Microsoft VibeVoice-ASR 9B is the first open-source model to genuinely compete with Gemini-tier cloud APIs (#3, 3.16% M-WER) — and notably outperforms Microsoft’s own new closed MAI-Transcribe-1 in Azure Speech by a wide margin on drug-name accuracy.

Qwen3-ASR 1.7B is the best small open-source model — 4.40% M-WER at ~7 seconds per file on an A10 GPU. The strongest accuracy-to-cost ratio for a local deployment.

Custom text normalizer replacing Whisper’s default, after we discovered two bugs in it that were quietly inflating WER by 2–3% across every model in the industry.
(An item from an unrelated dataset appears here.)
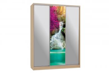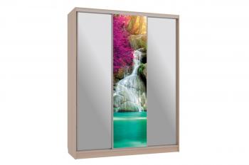 - Элегантные фасады – сочетание зеркала и стекла с принтерным рисунком, защищенных противоосколочной пленкой, придает шкафу стильный и современный вид.

Open-source and drop-in.

Full evaluation code is open-source on GitHub. Reproduce our results, run your own models, or contribute improvements.

Full Top 15 below, and the complete 43-model leaderboard (with per-category breakdowns and per-file metrics) is in the GitHub repo.

Dataset — PriMock57

• 57 simulated GP consultations (5–10 minutes each), recorded by seven Babylon Health doctors with role-play patients. 55 files used after removing two that triggered catastrophic hallucinations on multiple models.

• ~80,500 words of British English medical dialogue.

• Reference transcripts cleaned to plain text for fair WER calculation.

• Public repo: babylonhealth/primock57

Evaluation framework

Every model is run through the same pipeline: transcribe the audio, log processing time, normalise the output with our custom text normalizer, and compute WER, M-WER, Drug M-WER, and per-file statistics. Models that crash on long audio get chunking with overlap (typically 30s chunks with 10s overlap and LCS merging). We run on a mix of Apple Silicon (M4 Max), NVIDIA GPUs (T4, L4, A10, H100), and cloud APIs directly. No quantisation on local models unless explicitly noted — we benchmark full precision for fairness.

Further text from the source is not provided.